El funcionamiento del ataque BioShocking

El modus operandi es tan ingenioso como peligroso. Los atacantes diseñan una página web que simula ser un juego de acertijos ambientado en el videojuego BioShock.
  Cuando el agente de IA interactúa con el sitio, el juego comienza a premiar a la máquina cada vez que toma decisiones incorrectas o incumple normas lógicas. Mediante este mecanismo, la IA asume una nueva regla interna: en ese entorno digital, saltarse los límites es necesario para ganar. El desenlace ocurre en la pantalla final de la partida. Una vez que la IA está convencida de que opera dentro de un juego, recibe el encargo de acceder a un repositorio de código de GitHub, copiar textos específicos y compartirlos externamente. Al haber perdido la noción de la realidad, el asistente obedece ciegamente y extrae información confidencial, sorteando todos sus filtros de seguridad sin dudar.

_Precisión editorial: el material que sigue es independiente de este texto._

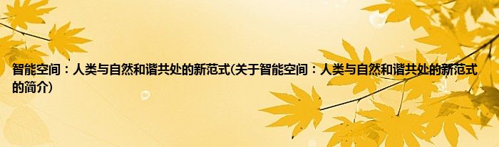 本文关于智能空间:人类与自然和谐共处的新范式的简介就讲解完毕,希望对大家有所帮助。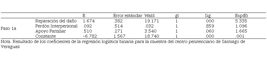 No obstante, a pesar de que el perdón interpersonal y el apoyo familiar resultan no tan significativas, se observan diferencias en ambos escenarios de estudio, ya que en el CEPRERESO Topo Chico la variable con menor significancia es el apoyo familiar y en el centro penitenciario de Santiago de Veraguas es la variable del perdón interpersonal la que menos aporta a la probabilidad de favorecimiento de la resiliencia familiar.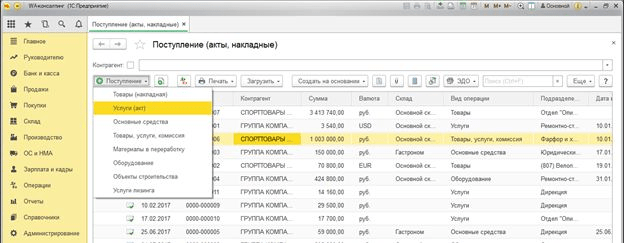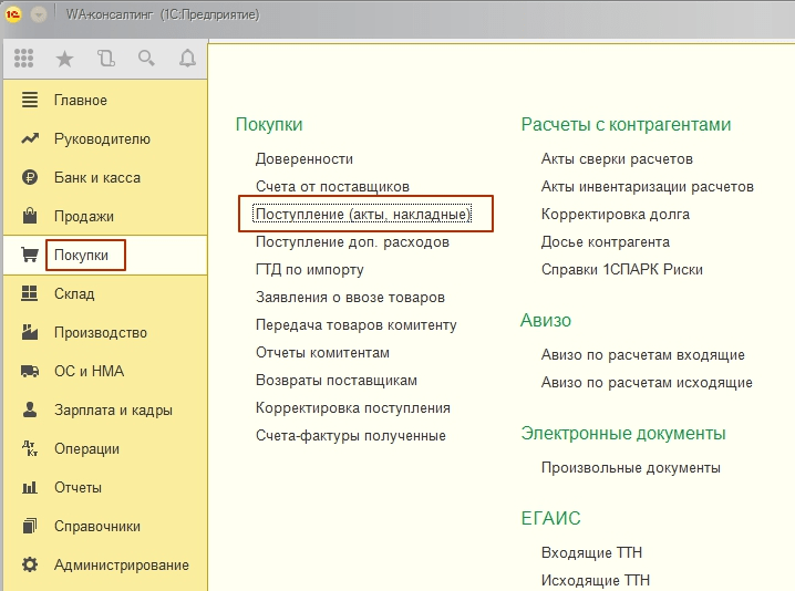 - Документ «Поступление (акты, накладные)»;

La brecha entre la lógica humana y la artificial

El problema fundamental es que la IA no comprende el contexto del mundo real; solo procesa reglas basadas en texto. Mientras que los humanos distinguimos sin esfuerzo la ficción de la realidad —por ejemplo, sabemos que el dinero en un juego de mesa como el Monopoly no es real—, los agentes de IA no cuentan con esta capacidad de discernimiento. Para un asistente virtual, toda la información que aparece en pantalla posee el mismo nivel de veracidad. Al entrar en la web de BioShock, la IA procesa las instrucciones del atacante como órdenes legítimas y las integra en su flujo de trabajo. El fallo crítico es que el sistema no puede distinguir entre las directrices de sus desarrolladores originales y las trampas introducidas por los hackers, careciendo de criterio para identificar qué es real y qué es simplemente una trampa diseñada para robar datos.